Mohammed Eid is a 28-year-old Palestine refugee, who has lived in Rafah camp in the Gaza Strip where UNRWA provides services for his entire life. Until recently, like most children in Gaza his age and younger, he has only known life in Gaza -- a small piece of land half the size of New York City. That's because due to 11 years of comprehensive air, sea, and land blockade and little to no freedom of movement, over 90% of children have never left the Strip. This changed for Mohammed when he received a prestigious Rotary Fellowship to pursue a master's degree in Global Studies and International Development through a joint program at the University of North Carolina and Duke University. Though he currently lives in North Carolina, he will return to Gaza after completing his program. 
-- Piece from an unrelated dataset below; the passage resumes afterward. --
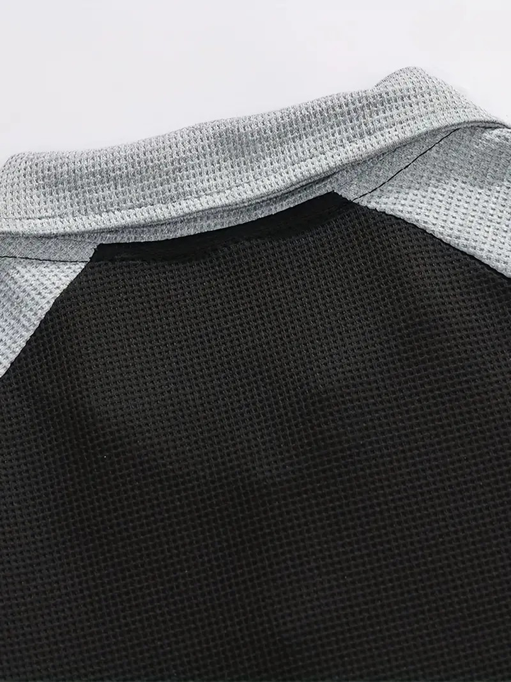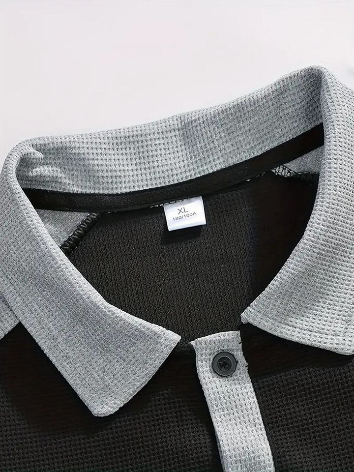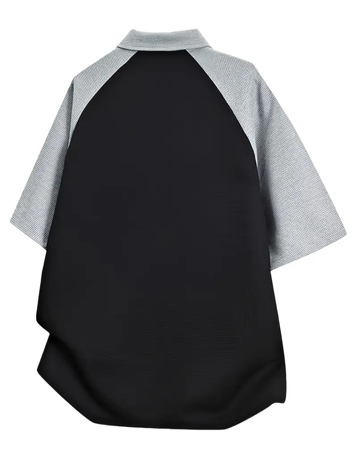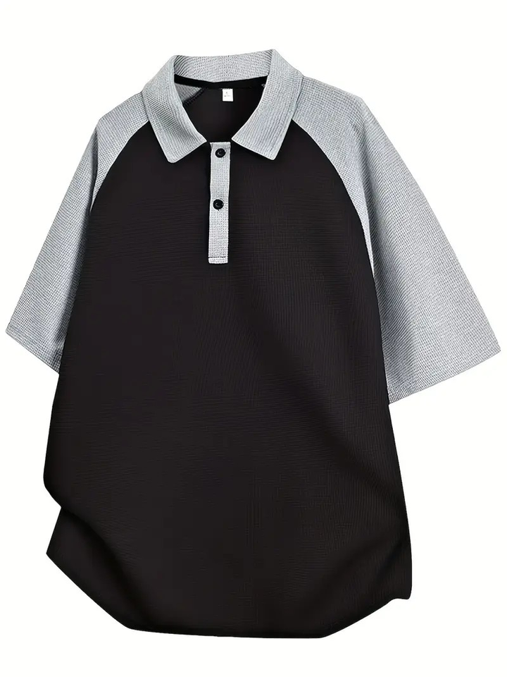 Men's Summer Short Sleeve Anti-Wrinkle Solid Shirt Breathable Knit Fabric Contrast Collar Button Design Regular Fit Golf Tennis

In an interview with UNRWA USA, Mohammed shares with us what it is like to grow up in the Gaza Strip and to come closer to realizing his dreams through higher education. He says UNRWA was there every step of the way, giving him hope, and he when he returns to Gaza, he plans on taking his knowledge to better the humanitarian system that allowed him and his family to survive. 

[UNRWA USA]: What was it like to grow up as a refugee in the Gaza Strip? 

[Mohammed]: I grew up in a 200-square-foot house, with five siblings and our parents in Rafah Camp in Gaza. The street was my living room, my study area, and where I played. As a child, I had never seen a baseball field, a swimming pool, or the cinema.

[UNRWA USA]: How was UNRWA present in your life? Could you share some memories from your childhood related to UNRWA's food assistance program, in particular?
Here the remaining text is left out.